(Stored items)
• • • • • • •

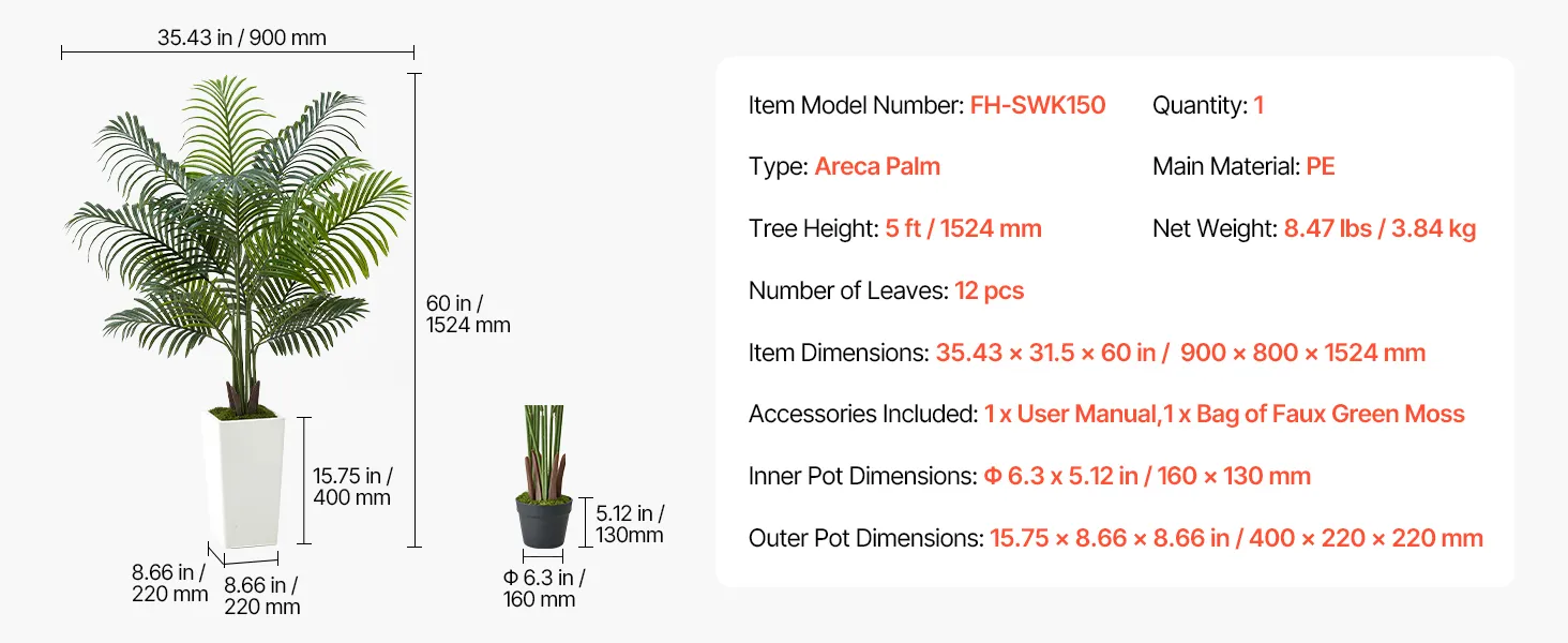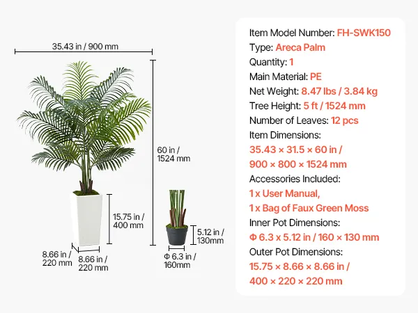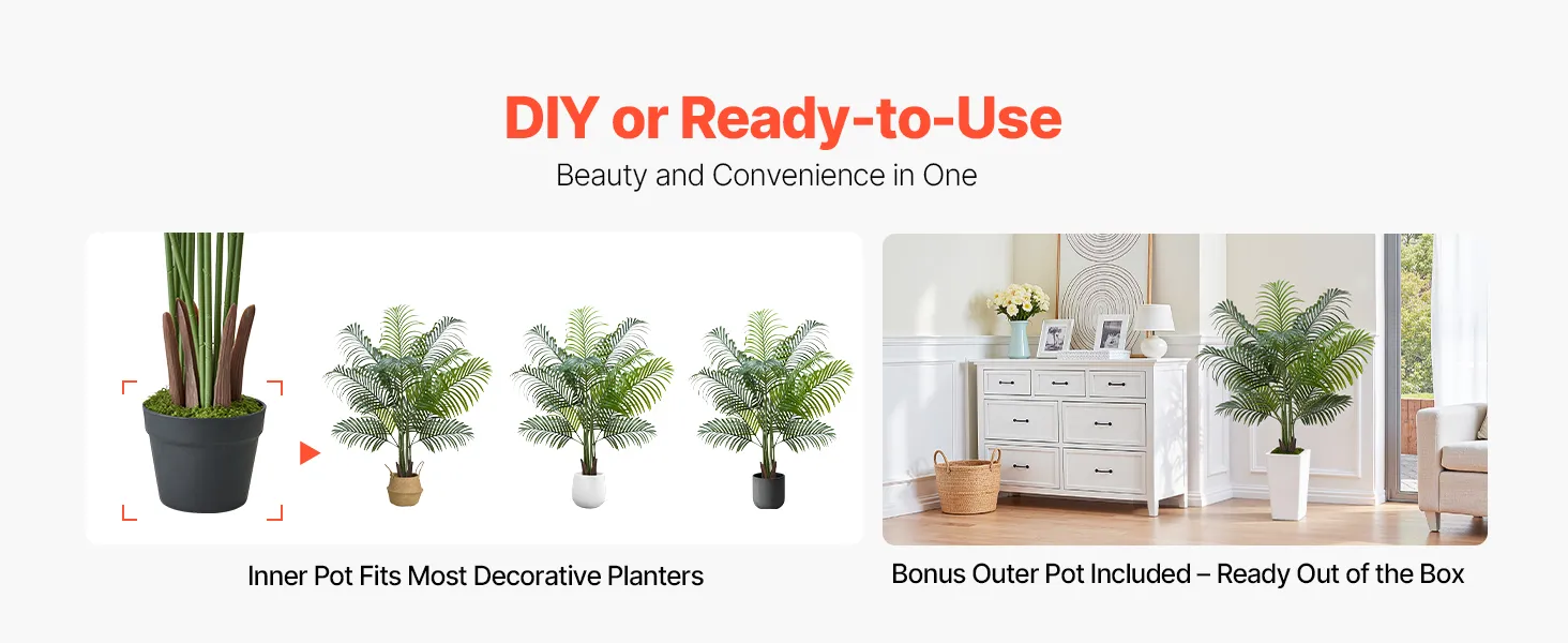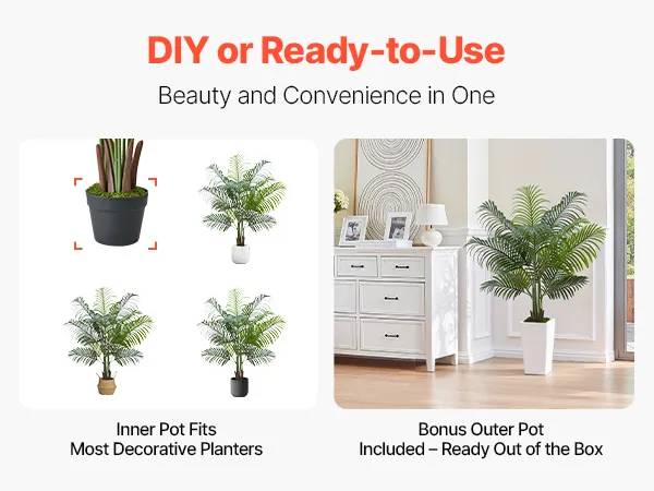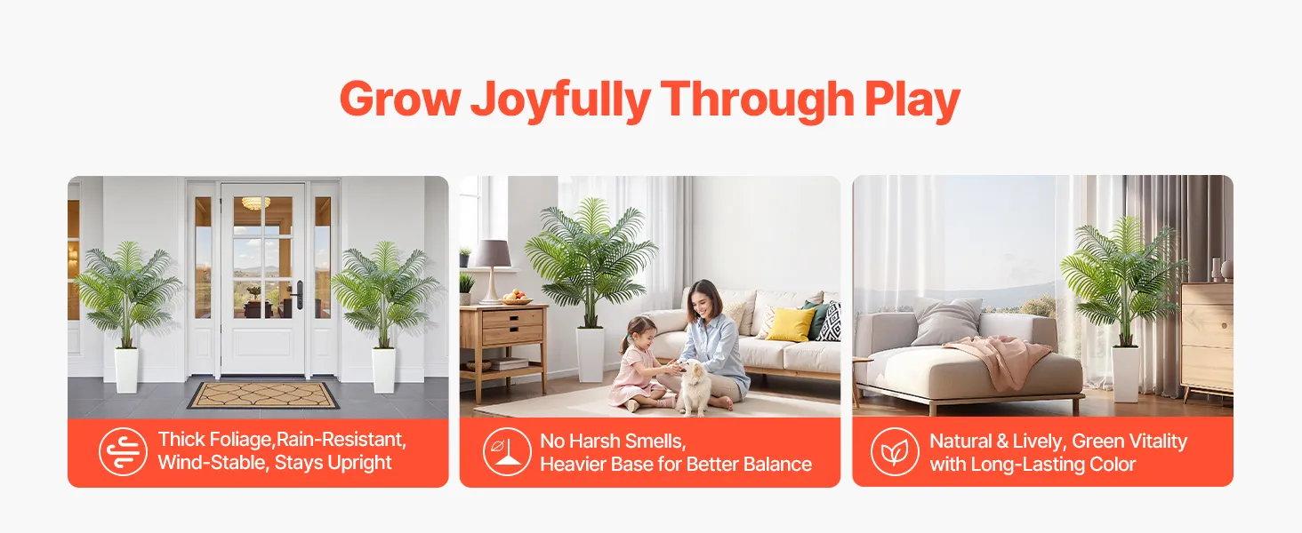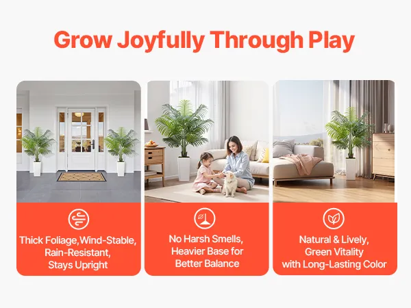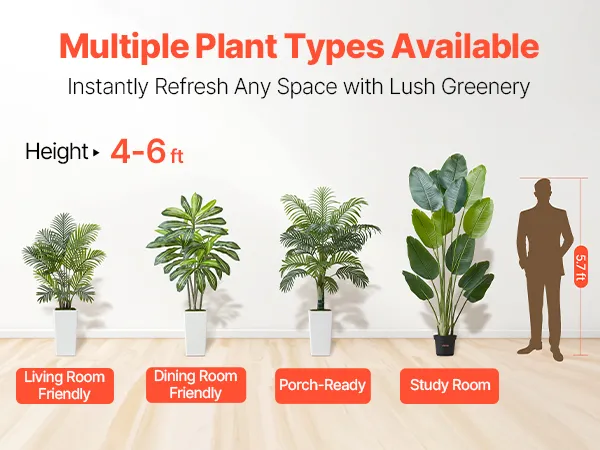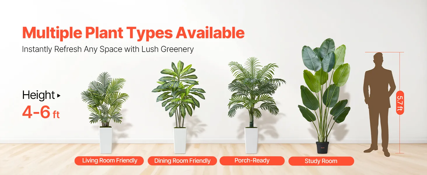 Features 4 tropical plant types: thick-trunk areca palm, dracaena, areca palm, and bird of paradise. Ranges 4–6 ft tall with realistic PE leaves. Waterproof, low-light friendly, easy to clean, and maintenance-free.
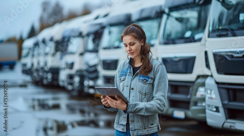 Fleet of white cargo trucks parked at a warehouse in sunset
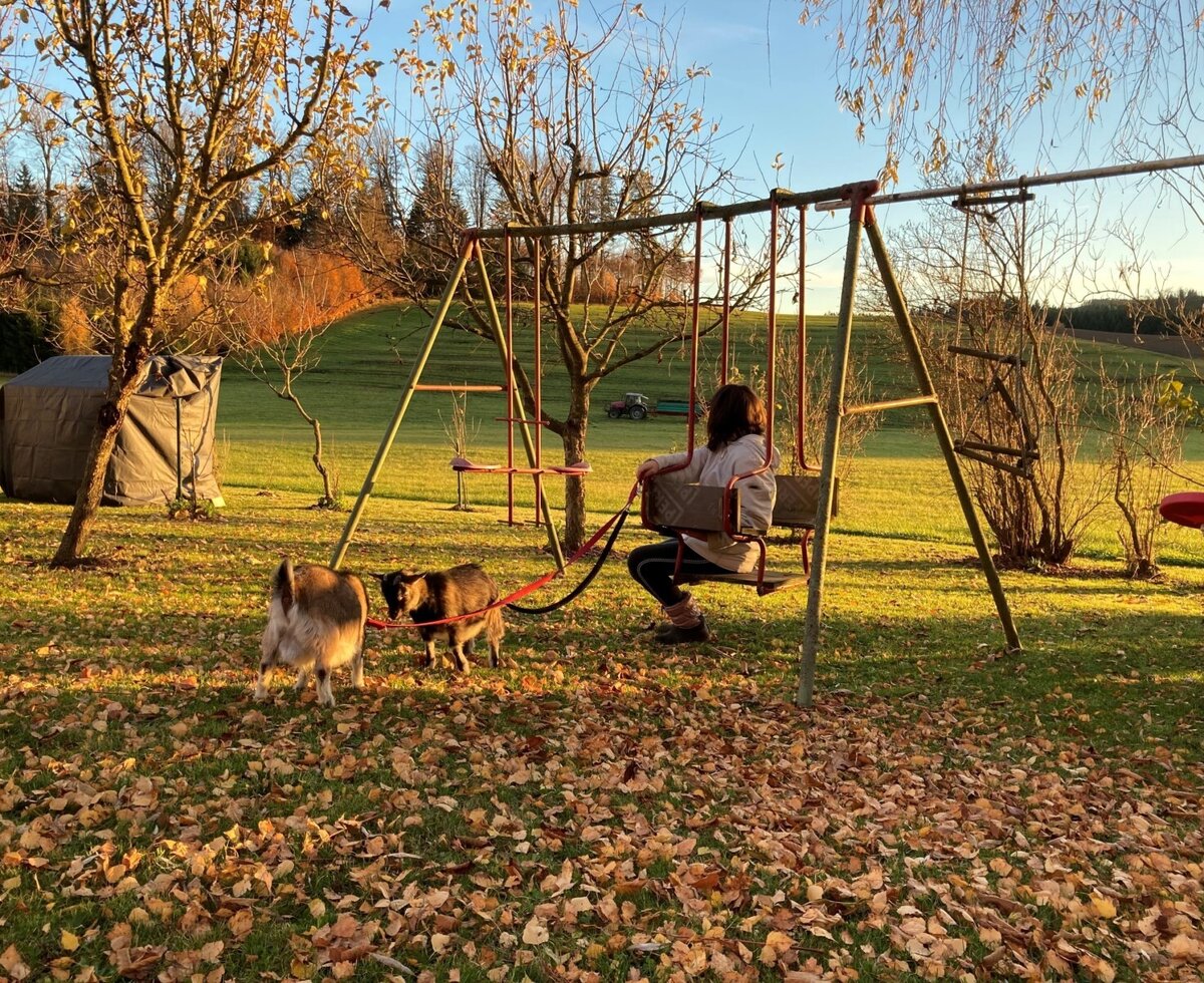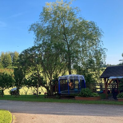 Unser Hof liegt inmitten von Wald, Wiesen, Weiden. Gemütlicher Außenbereich mit Gartenlaube, Spielplatz, Obst- und Gemüsegarten.
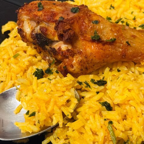 Gently arrange the seasoned chicken on top of the rice (make sure the chicken thigh fillets are separated). Use foil to cover the baking dish and let it bake for 30 minutes, giving the rice enough time to cook and take in the flavors)
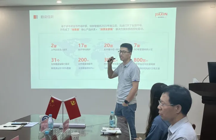 会上,佳新科技经理陈声棉详细介绍了公司的发展历程、业务范围以及在行业中的竞争优势和特色。佳新科技是一家以从事软件和信息技术服务业为主的企业,公司专注于软件开发、信息系统集成服务、人工智能应用软件开发、智能机器人的研发、物联网技术服务等多个领域。
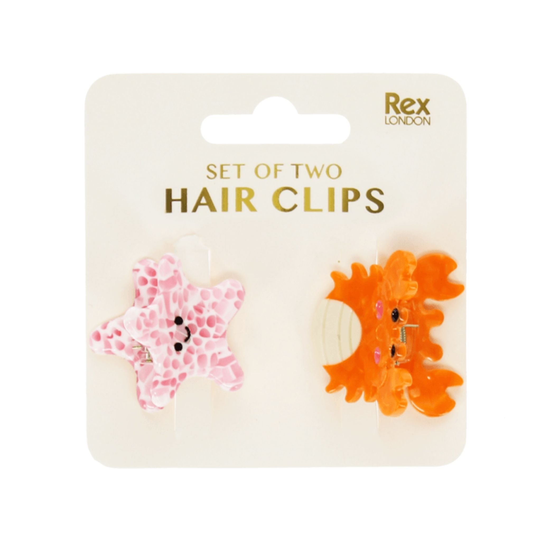 A wonderfully playful underwater touch, this set of two is lovingly crafted from recycled materials. Featuring a delightful marbled pink and white starfish and a lively orange crab, both with a subtle sparkle effect, making them perfect for fabulous hairdos and quick fixes on the go.
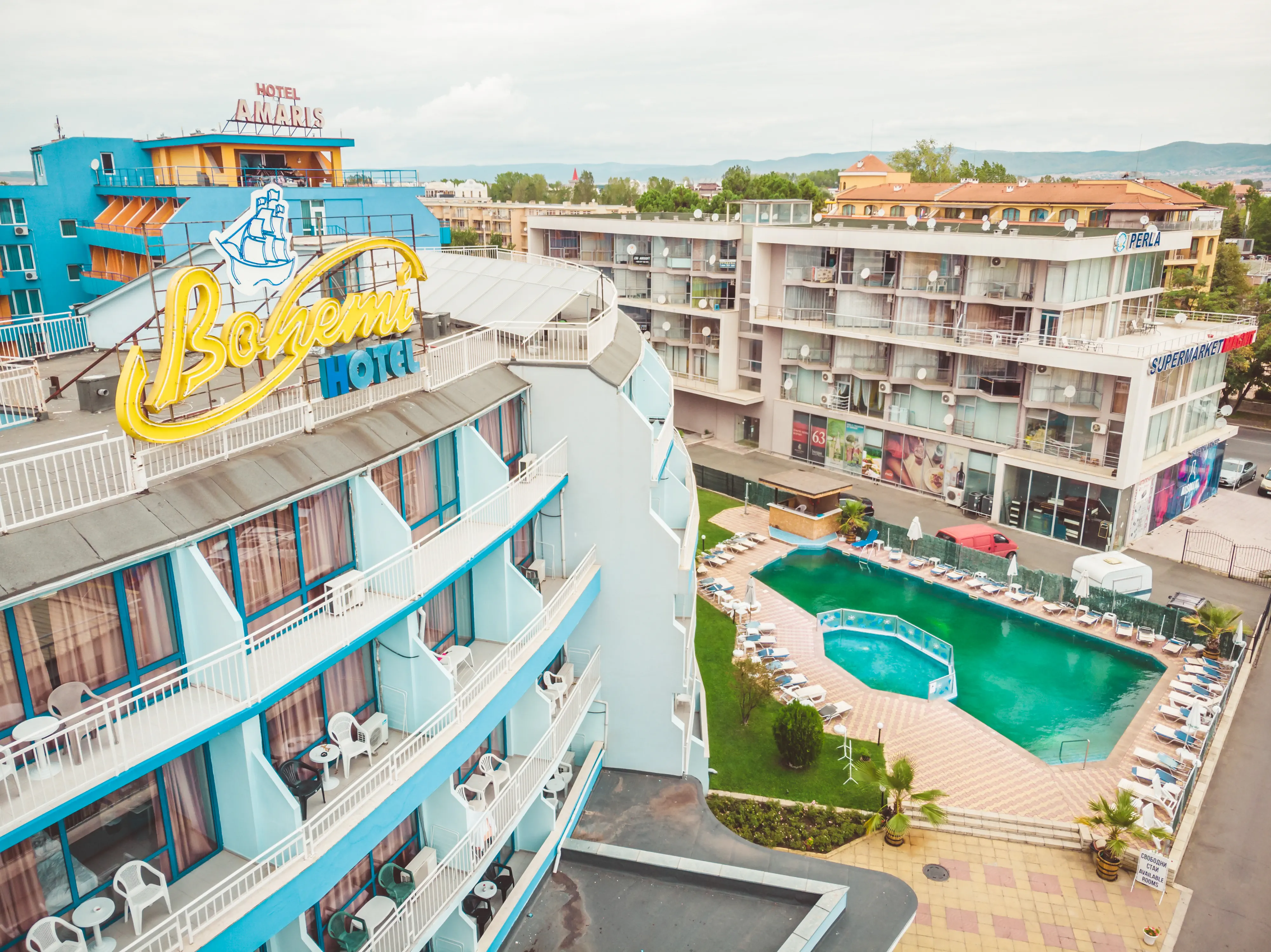 Trzygwiazdkowy hotel Bohemi położony jest z dala od tętniącego życiem Słonecznego Brzegu. Jest to skromny ale wygodny obiekt. Przyjazna obsługa, wyżywienie All Inclusive, niewielka odległość od plaży oraz parku wodnego Action Park to jedne z wielu zalet tego hotelu.
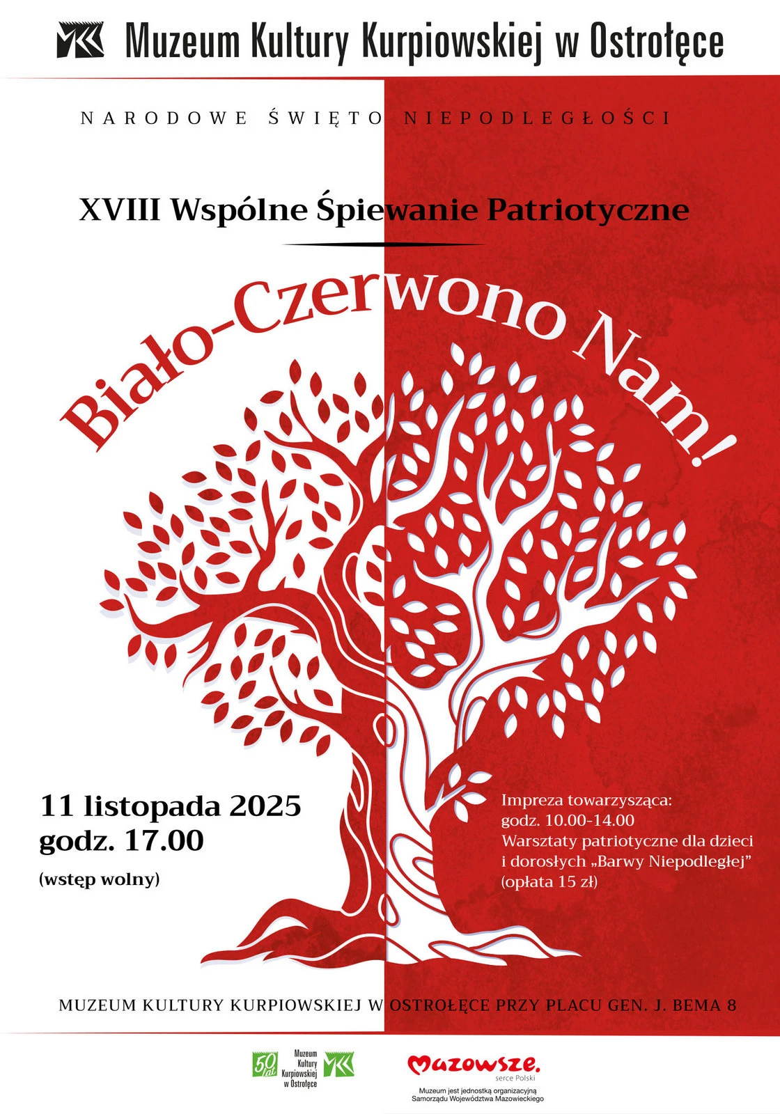 Muzeum Kultury Kurpiowskiej w Ostrołęce zaprasza 11 listopada na wspólne świętowanie Dnia Niepodległości.
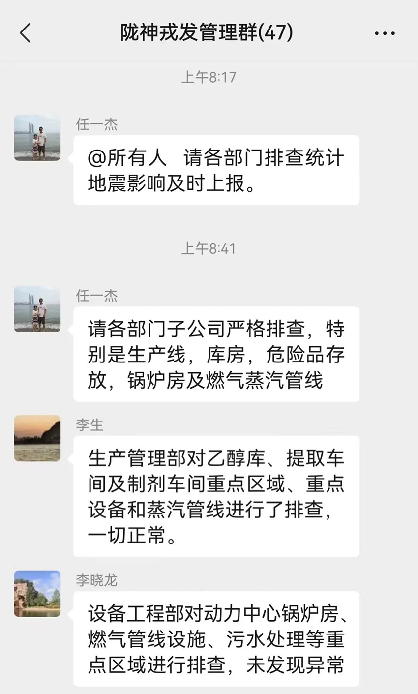 甘肅積石山縣地震發(fā)生后,隴神戎發(fā)認(rèn)真貫徹落實(shí)集團(tuán)公司部署要求,結(jié)合公司實(shí)際,積極開(kāi)展隱患自查排查工作。12月19日下午公司安委會(huì)邀請(qǐng)?zhí)m州高新區(qū)安監(jiān)局及專(zhuān)家一行5人,對(duì)公司質(zhì)檢辦公大樓、動(dòng)力中心、污水處理站、乙醇庫(kù)、前處理提取車(chē)間、固體制劑車(chē)間等各個(gè)單體的建筑結(jié)構(gòu)、外墻裂縫、廠區(qū)道路塌陷等情況進(jìn)行詳細(xì)檢查,經(jīng)檢查未發(fā)現(xiàn)因地震引起的安全隱患,公司運(yùn)營(yíng)一切正常。
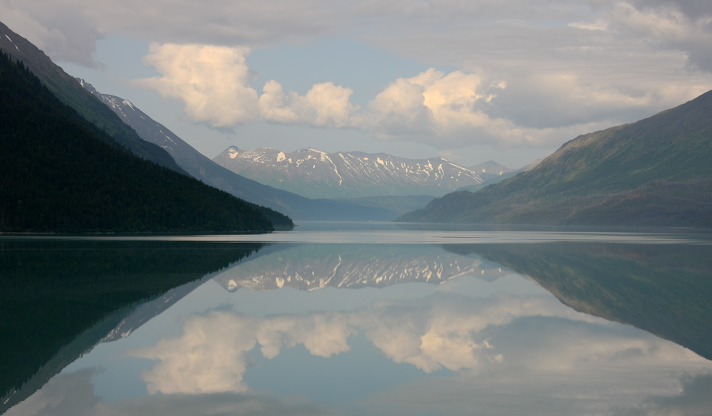 Next morning, we headed north over Moose Pass and got a nice view of reflections in Kenai Lake in the morning light.

• • • • • • •

» Exercise details
Give every line of the data above again as it stands; the pictures stay out.

» Response area
 Features 4 tropical plant types: thick-trunk areca palm, dracaena, areca palm, and bird of paradise. Ranges 4–6 ft tall with realistic PE leaves. Waterproof, low-light friendly, easy to clean, and maintenance-free.
 Fleet of white cargo trucks parked at a warehouse in sunset
 Unser Hof liegt inmitten von Wald, Wiesen, Weiden. Gemütlicher Außenbereich mit Gartenlaube, Spielplatz, Obst- und Gemüsegarten.
 Gently arrange the seasoned chicken on top of the rice (make sure the chicken thigh fillets are separated). Use foil to cover the baking dish and let it bake for 30 minutes, giving the rice enough time to cook and take in the flavors)
 会上,佳新科技经理陈声棉详细介绍了公司的发展历程、业务范围以及在行业中的竞争优势和特色。佳新科技是一家以从事软件和信息技术服务业为主的企业,公司专注于软件开发、信息系统集成服务、人工智能应用软件开发、智能机器人的研发、物联网技术服务等多个领域。
 A wonderfully playful underwater touch, this set of two is lovingly crafted from recycled materials. Featuring a delightful marbled pink and white starfish and a lively orange crab, both with a subtle sparkle effect, making them perfect for fabulous hairdos and quick fixes on the go.
 Trzygwiazdkowy hotel Bohemi położony jest z dala od tętniącego życiem Słonecznego Brzegu. Jest to skromny ale wygodny obiekt. Przyjazna obsługa, wyżywienie All Inclusive, niewielka odległość od plaży oraz parku wodnego Action Park to jedne z wielu zalet tego hotelu.
 Muzeum Kultury Kurpiowskiej w Ostrołęce zaprasza 11 listopada na wspólne świętowanie Dnia Niepodległości.
 甘肅積石山縣地震發(fā)生后,隴神戎發(fā)認(rèn)真貫徹落實(shí)集團(tuán)公司部署要求,結(jié)合公司實(shí)際,積極開(kāi)展隱患自查排查工作。12月19日下午公司安委會(huì)邀請(qǐng)?zhí)m州高新區(qū)安監(jiān)局及專(zhuān)家一行5人,對(duì)公司質(zhì)檢辦公大樓、動(dòng)力中心、污水處理站、乙醇庫(kù)、前處理提取車(chē)間、固體制劑車(chē)間等各個(gè)單體的建筑結(jié)構(gòu)、外墻裂縫、廠區(qū)道路塌陷等情況進(jìn)行詳細(xì)檢查,經(jīng)檢查未發(fā)現(xiàn)因地震引起的安全隱患,公司運(yùn)營(yíng)一切正常。
 Next morning, we headed north over Moose Pass and got a nice view of reflections in Kenai Lake in the morning light.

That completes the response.